The existing cell preservation solution has the defects that the time for fixing and maintaining the stable cell structure is too short, cells are easy to deteriorate in the time of more than three days at room temperature, and 50% methanol is adopted to be added with formaldehyde to serve as a fixing preservative, so that the cells are easy to agglomerate and cake, protein mucus is also easy to agglomerate and deposit, the cell is not favorable for dispersion and observation of the cells, epithelial cells are covered, the cell quantity after the cells are sliced is directly influenced, and the cell quantity is lost.
Disclosure of Invention
The invention aims to provide a liquid-based cell preservation solution, and aims to solve the problems that the conventional cell preservation solution adopts methanol and formaldehyde added as a fixing preservative, cell and protein mucus are agglomerated, the cell amount is lost, and the dispersion and observation of cells are not facilitated.
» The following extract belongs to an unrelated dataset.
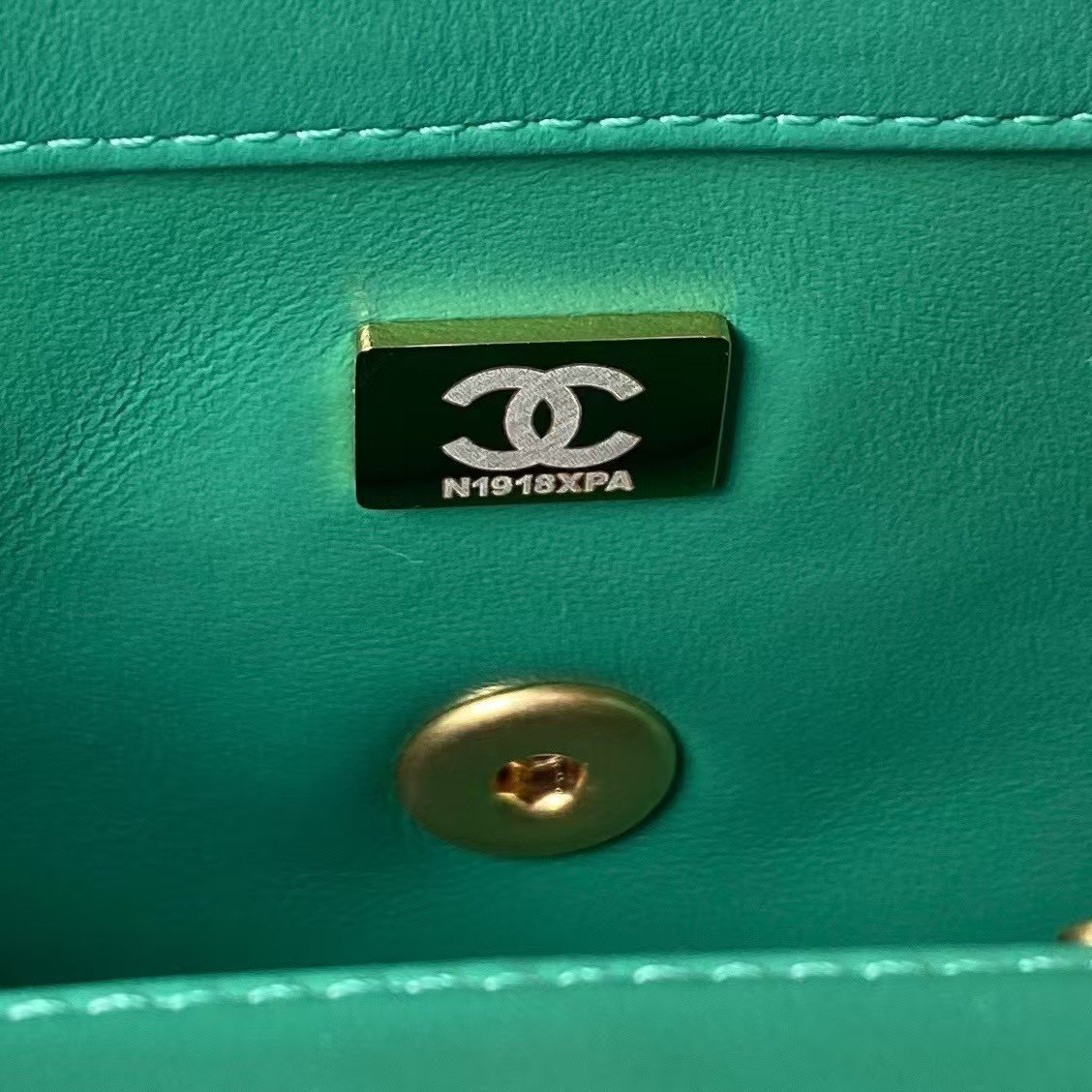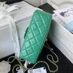 Chanel 23K AS1787 Mini Pearl Embossed Rectangular Flap Bag Lambskin Brushed Metal Hardware Green

In order to achieve the aim, the invention provides a liquid-based cell preservation solution which comprises, by mass, 0.07-0.09% of sodium chloride, 1-5% of formaldehyde, 1-5% of glucose, 1-4% of ethylene diamine tetraacetic acid, 30-40% of methanol, 0.1-0.5% of dithiothreitol, 0.1-0.3% of acetylcysteine, 2-10% of heparin sodium, 0.8-12% of tris (hydroxymethyl) aminomethane and 0.8-12% of hydrogen chloride.
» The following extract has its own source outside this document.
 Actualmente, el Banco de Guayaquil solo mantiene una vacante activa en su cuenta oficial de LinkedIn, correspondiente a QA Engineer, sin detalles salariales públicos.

The preparation method of the liquid-based cell preservation liquid comprises the following steps:
dissolving the tris (hydroxymethyl) aminomethane and the hydrogen chloride in 100ml of deionized water, and stirring for 10min to obtain a buffer solution;
dissolving the sodium chloride, the formaldehyde, the glucose, the ethylene diamine tetraacetic acid, the methanol and the heparin sodium in the buffer solution, and stirring for 10min to obtain a first solution;
dissolving the dithiothreitol and the acetylcysteine in 10ml of purified water, and stirring for 5min to obtain a second solution;
adding the second solution into a separating funnel, dropwise adding the second solution into the first solution within 30min, and uniformly mixing the first solution and the second solution to obtain a third solution;
and adjusting the pH value of the third solution to 6.5 by using glacial acetic acid to obtain the liquid-based cell preservation solution.
Wherein the temperature of the preparation environment of the liquid-based cell preservation solution is 15-30 ℃, and the air humidity is less than 70%.
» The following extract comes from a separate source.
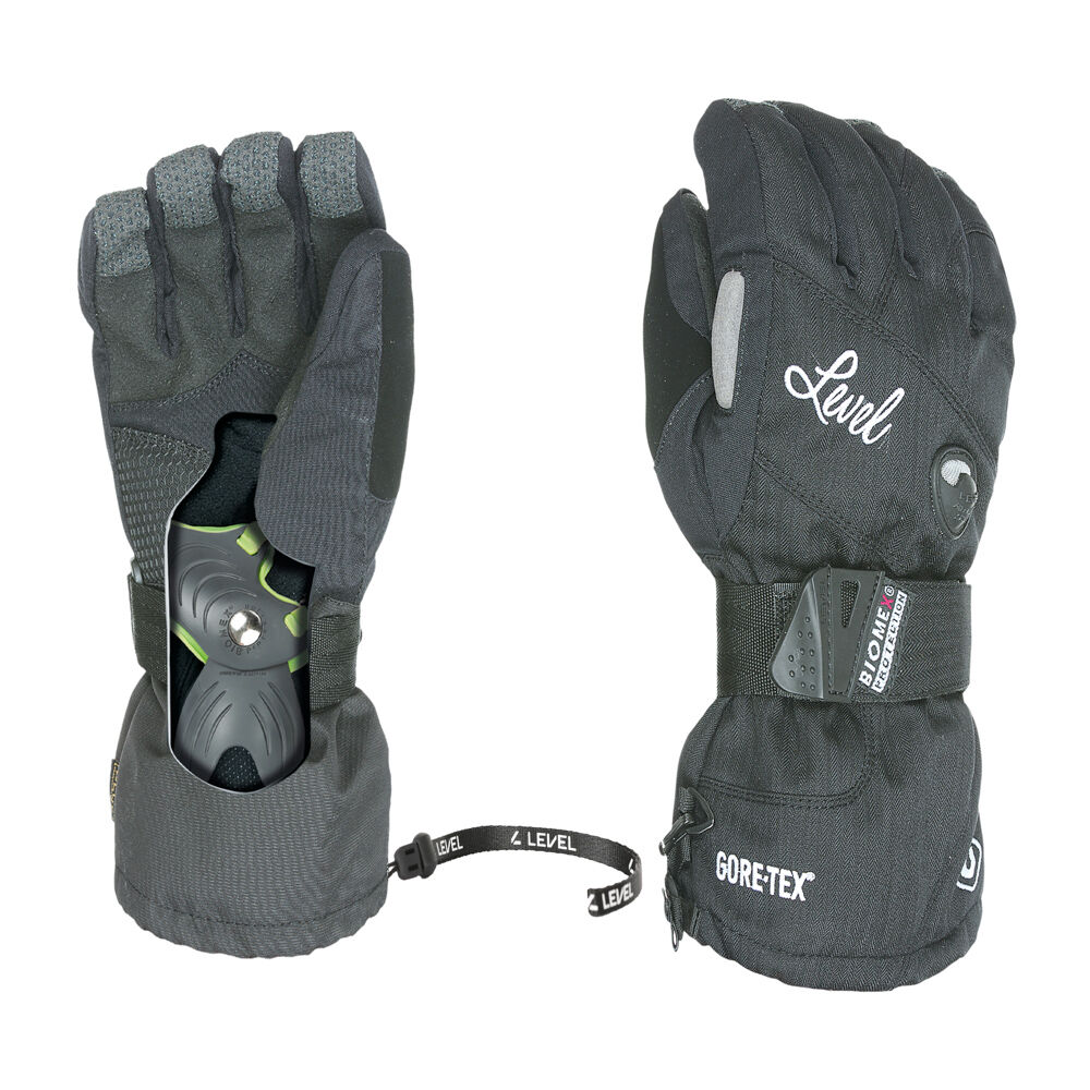 Snowboardové dámské rukavice Level s integrovaným chráničem zápěstí Biomex v pohodlném širším střihu. Odnímatelný chránič zápěstí Biomex, svršek rukavice je vyroben z voděodolného elastického polyesteru, který je na dlani a prstech doplněn o kevlarová vlákna proti prodření. Odnímatelná Knitted Brush podšívka, větrací systém Level, delší zápěstní úplet. Díky kombinaci BOA fleece vnitřní podšívky a technologii Gore Tex + Gore-Tex Warm membrány plní hřejivostní normy Thermoplus 3000 (certifikace do -17°C). Široký a pevný zápěstní popruh.

According to the liquid-based cell preservation solution, the formaldehyde is used as a fixing agent of the liquid-based cell preservation solution, so that liquid-based cells in a specimen can be fixed quickly and effectively; the trihydroxymethyl aminomethane and the hydrogen chloride are used as acid-base buffer solution of the liquid-based cell preservation solution, which is helpful for keeping the constant pH value of the solution and preventing the cell from being broken due to the change of pH in cell fixation; ethylene diamine tetraacetic acid is used as an anticoagulant of the liquid-based cell preservation solution, so that blood in a specimen is prevented from being coagulated into blocks when the liquid-based cell preservation solution fixes cells; dissolving mucin in a specimen by using the dithiothreitol and the acetylcysteine as mucolytic agents of the liquid-based cell preservation solution; the formaldehyde is used as a preservative of the liquid-based cell preservation solution to prevent the deterioration of the liquid-based cell preservation solution; the liquid-based cell preservation solution provided by the invention can maintain the stability of a cell structure, reduce the agglomeration and precipitation of cell mucus and the cell rupture loss, can enable cells to be easily dyed, improve the clarity of cell flaking, facilitate the smooth progress of pathological examination work, is low in cost, is beneficial to popularization and use, and solves the problems that the existing cell preservation solution adopts methanol and formaldehyde added as a fixing preservative, causes the agglomeration of cells and protein mucus, causes the loss of cell amount, and is not beneficial to the dispersion and observation of cells.
Drawings
In order to more clearly illustrate the embodiments of the present invention or the technical solutions in the prior art, the drawings used in the description of the embodiments or the prior art will be briefly described below, it is obvious that the drawings in the following description are only some embodiments of the present invention, and for those skilled in the art, other drawings can be obtained according to the drawings without creative efforts.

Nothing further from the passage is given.